#### Assignment:
A word-for-word copy of the listing is what's needed; leave out every image.

#### Dataset content:
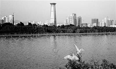 福田区鳞次栉比的高层商业楼宇,正是这些总部经济和现代服务业的聚集地。福田区区长张青山介绍说,福田现有20层以上的商业楼宇398栋,其中,单栋年税收上亿元的有50栋。在2010年,全区实现税收515亿元,而这50栋高层楼宇的总税收高达314亿元,占61%。而与此相对应的是,2010年,福田区万元地区生产总值建设用地3.09平方米,同比下降9.6%;万元地区生产总值水耗9.13吨,同比下降12.3%,仅为深圳全市平均水平的45%;万元地区生产总值电耗340千瓦时,同比下降7.9%。
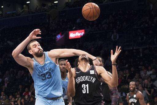 Memphis Grizzlies center Marc Gasol (33) and Brooklyn Nets center Jarrett Allen (31) vie for a rebound during overtime in an NBA basketball game Friday, Nov. 30, 2018, in New York. The Grizzlies won 131-125. (AP Photo/Mary Altaffer)
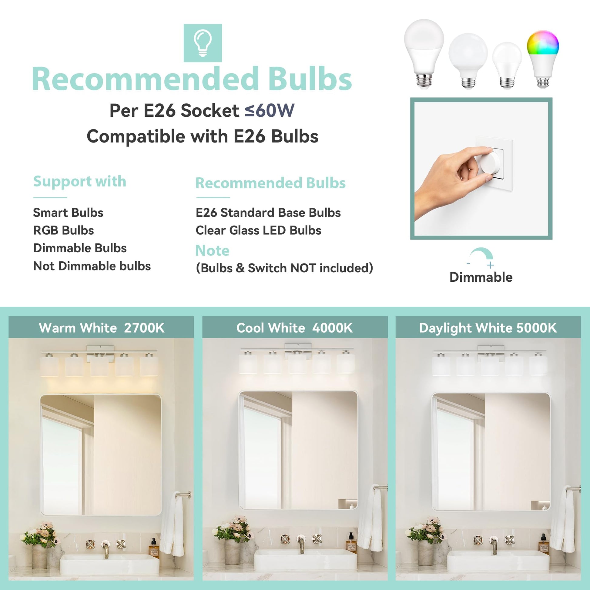 - 【E26 Standard Sockets Bathroom Vanity Light】The Honesorn 5 light bathroom light fixtures have E26 standard sockets, and you can use them in a max 60 watt or lower energy bulbs on 120V. Standard socket bulbs are straightforward to find in the market, so you don't need to worry about that. These bathroom lights over mirror also work well with dimmers and are compatible with the smart bulbs, rgb bulbs, dimmable and not dimmable bulbs. Please note that the LED bulbs have not come with the package.

#### Response area:
 福田区鳞次栉比的高层商业楼宇,正是这些总部经济和现代服务业的聚集地。福田区区长张青山介绍说,福田现有20层以上的商业楼宇398栋,其中,单栋年税收上亿元的有50栋。在2010年,全区实现税收515亿元,而这50栋高层楼宇的总税收高达314亿元,占61%。而与此相对应的是,2010年,福田区万元地区生产总值建设用地3.09平方米,同比下降9.6%;万元地区生产总值水耗9.13吨,同比下降12.3%,仅为深圳全市平均水平的45%;万元地区生产总值电耗340千瓦时,同比下降7.9%。
 Memphis Grizzlies center Marc Gasol (33) and Brooklyn Nets center Jarrett Allen (31) vie for a rebound during overtime in an NBA basketball game Friday, Nov. 30, 2018, in New York. The Grizzlies won 131-125. (AP Photo/Mary Altaffer)
 - 【E26 Standard Sockets Bathroom Vanity Light】The Honesorn 5 light bathroom light fixtures have E26 standard sockets, and you can use them in a max 60 watt or lower energy bulbs on 120V. Standard socket bulbs are straightforward to find in the market, so you don't need to worry about that. These bathroom lights over mirror also work well with dimmers and are compatible with the smart bulbs, rgb bulbs, dimmable and not dimmable bulbs. Please note that the LED bulbs have not come with the package.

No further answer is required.